Figure 5. RAE-1/NKG2D interactions promote T cell arrest in the presence of TCR ligation and 9H10.

(A and B) In vitro analysis of T cell motility. Migration of preactivated CD8+ T cells over an ICAM-1–coated glass surface. Trajectories (A) and mean velocity (B) of individual CD8+ T cells stimulated with anti-CD3 and/or 9H10 in the absence or presence of RAE-1β, as indicated. Paths were tracked over time from confocal 2D time lapses. Each line corresponds to the path of an individual cell. Each dot represents the average speed of a cell tracked over 15 minutes. Data are representative of 3 independent experiments. Scale bar: 10 εm. (C and D) In vivo analysis of T cell motility. Cxcr6+/gfp mice were injected with 4T1-CFP cells on day 0 and left untreated or treated with IR+9H10 as described in Figure 2, and tumors were imaged by TPLSM on day 16 (Supplemental Videos 5 and 6). All mice received an i.p. injection of NKG2D blocking mAb CX5 30 minutes before imaging. (C) Trajectories of individual GFP+ TILs show that CX5 treatment led to increased migratory activity in mice treated with IR+9H10 but not in control mice. Scale bar: 30 εm. (D) Scatter plots showed increased speed and decreased arrest coefficient of TILs in the presence of NKG2D blockade in tumors of mice treated with IR+9H10. Data are derived from analysis of 3 mice per treatment group. Each data point represents a single cell, and red bars indicate mean values. **P < 0.005.

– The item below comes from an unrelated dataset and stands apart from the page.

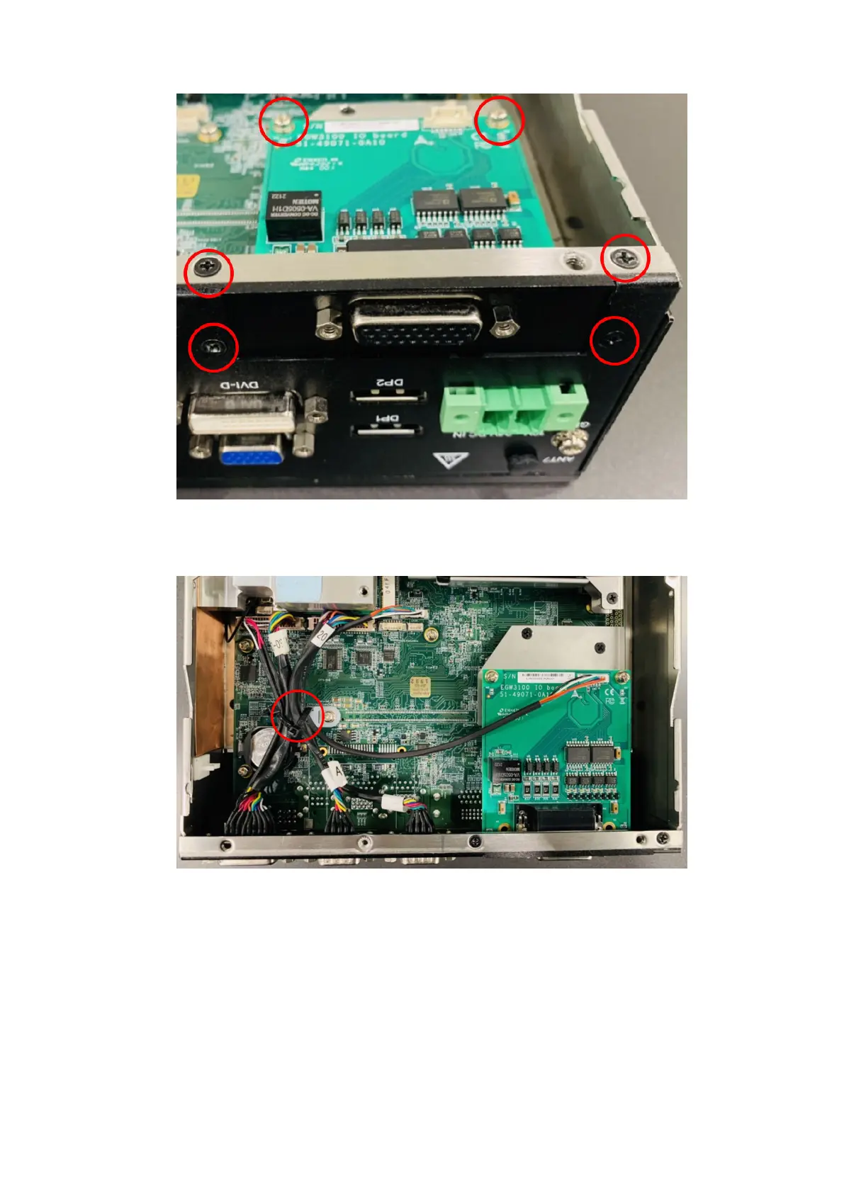 9. Connect the DI/O cable. Use a cable tie, as shown with a red circle in the following figure.

Figure 6. Blocking NKG2D abrogates immune-mediated inhibition of the irradiated primary tumor in mice treated with IR+9H10 and reduces metastasis inhibition.

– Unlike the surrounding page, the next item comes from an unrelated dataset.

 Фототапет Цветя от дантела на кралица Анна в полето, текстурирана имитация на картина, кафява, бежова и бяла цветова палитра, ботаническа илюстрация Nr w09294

WT mice inoculated with parental 4T1 cells on day 0 (n = 7–13/group) were randomly assigned to different treatments, as indicated. IR was delivered in 2 fractions of 12 Gy to the s.c. tumors on day 12 and 13. Anti–CTLA-4 mAb 9H10 was given i.p. on days 15, 18, and 21. Anti-NKG2D mAb CX5 was given i.p. on days 15, 18, 21, 25, and 28. (A) Tumor volume is shown as the mean ± SEM at each time within each treatment group. CX5 by itself did not have any effect on tumor growth (P > 0.05, CX5 versus control). IR by itself caused significant tumor growth inhibition (P < 0.0005, IR versus control) that was not altered by CX5 (P = 0.4349, CX5+IR versus IR) but was significantly enhanced in the presence of 9H10 (P < 0.0005, IR+9H10 versus IR). The latter effect was completely abrogated by addition of CX5 (P = 0.1643, IR+9H10+CX5 versus IR). (B) The number of surface lung metastases was not significantly altered by IR or CX5 used alone (P > 0.05 versus control) or by IR in combination with CX5 (P > 0.05 versus control). IR+9H10 caused a significant inhibition of lung metastases (P < 0.005, IR+9H10 versus all other groups) that was partially abrogated by addition of CX5 (P < 0.05, IR+9H10 versus IR+9H10+CX5). Data shown are from 2 independent experiments combined. Bars indicate the mean ± SEM. *P < 0.05, **P < 0.005, ***P < 0.0005. (C) Images of lungs from representative animals in each treatment group, as indicated.